'We took drugs': Chinese athletes confess to doping in secret letter
Claims of state-sponsored doping of Chinese track athletes are being investigated by the sport's global governing body after a letter attributed to a squad of ten runners including world record holder Wang Junxia surfaced in the Chinese media.
Wang, who set world records in the 3000 metres and 10,000 metres in 1993 said she and her teammates were forced to take "large doses of illegal drugs over the years". In the letter reportedly penned in 1995 she wrote that women on the team tried to secretly throw away the pills forced on them.

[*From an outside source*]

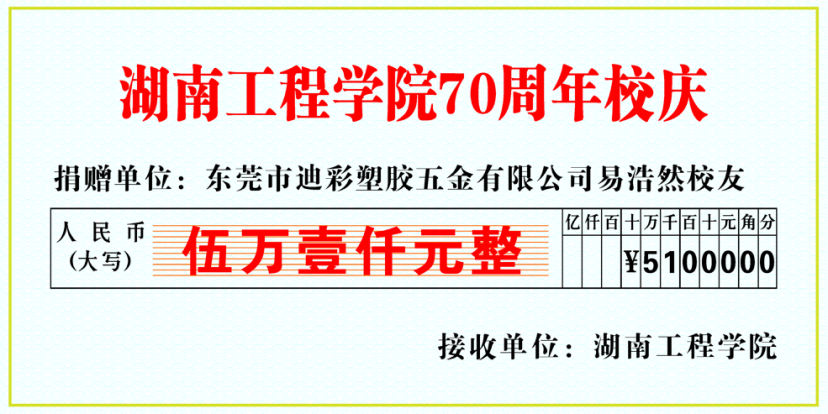 近日,东莞市迪彩塑胶五金有限公司总经理、我校杰出校友、电机电器94122班易浩然向学校定向捐赠,在伟德betvlctor1946源于英国设立“浩然助学金”,用于资助和鼓励材化学子毕业后立足专业、投身行业、实干兴邦。捐款已于8月27日汇入学校设立的校庆专用帐户。
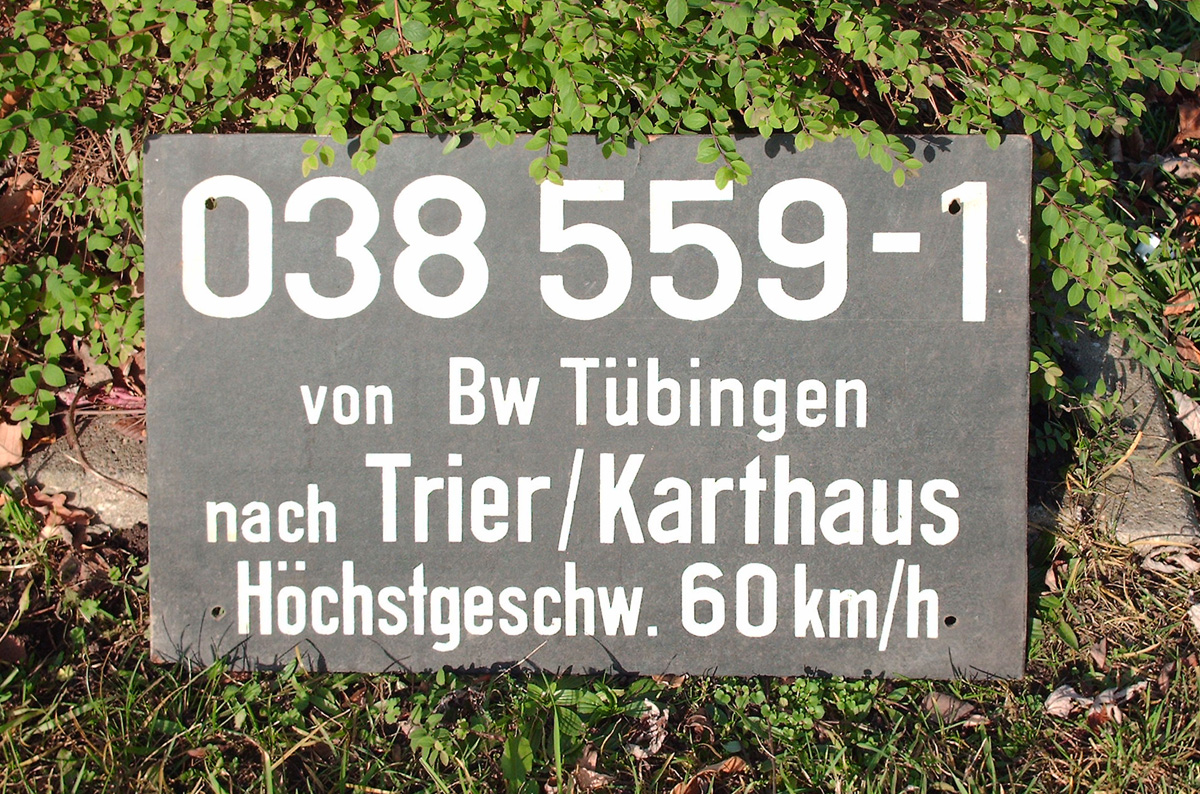 | Schild für die Überführung der Lokomotive 038 559-1. | |

But coach Ma Junren would personally inject drugs into his athletes, known as "Ma's Army."
Chinese atheletes' letter confess doping
The IAAF investigate a 20-year-old letter signed by Chinese track atheletes, alleging coach Ma Junren forced them to take 'large doses of illegal drugs' during the 1990s.
The International Association of Athletics Federations has asked the Chinese Athletics Association for help to verify the letter, the South China Morning Post reported. If the letter is verified as an admission of guilt by the athletes, they could be stripped of their titles and banned from the sport as well as face financial sanctions.
Wang gained a place in the IAAF's Hall of Fame for her notable achievements in the 1993 championships in Tianjin, Stuttgart and Beijing. She took nearly 42 seconds off the 10,000 metre race record in Beijing.
In one month that changed the history of their sport, the Chinese women distance runners won three world titles and four world records. Until then no female Chinese track athlete had won a world record. Two-time US Olympian Patti-Sue Plumer told the Chicago Tribune: "They destroyed any chance of any female human breaking those records in the next 100 years".
Authoritarian Ma's intense training regime on the high Tibetan plateau, his strict bans on long hair and dating, the women's perceived capacity for "eating bitterness" and his use of exotic elixirs of caterpillar fungus and powdered seahorse were credited with the success.
But within months the team mutinied against the chain-smoking supercoach, accusing him of pocketing the cash prizes and keeping the three Mercedes cars they had won for himself. Their stunning performances of 1993 were not repeated, and multiple doping positives among Chinese competitors at the 1994 Asian Games cast doubts over China's entire elite sports program.
Both Wang Junxia and Ma Jinren have denied doping in the past.
A retired team doctor Yue Xinxian told Fairfax Media in 2012 the use of steroids and growth hormones was "rampant" as part of a "scientific training" regimen in the 1980s and into the 1990s when China emerged as a sporting power. She said athletes often did not know what they were being injected with and medical staff who refused to participate were marginalised.
The letter under investigation and co-signed by nine of Wang Junxia's teammates was sent to a journalist named Zhao Yu but remained secret for more than two decades until published on leading Chinese online sports portal sports.qq.com. Other signatories to the letter are Ma Ningning, Wang Yuan, Lu Ou, Wang Xiaoxia, Zhang Linli, Liu Li, Lu Yi, Liu Dong and Zhang Lirong.
In November a commission set up by the independent World Anti-Doping Agency to look into claims of rampant cheating among Russian athletes foundwidespread doping and evidence of a "multifaceted and complex conspiracy" involving the IAAF, including multiple breaches of rules and processes by IAAF officials.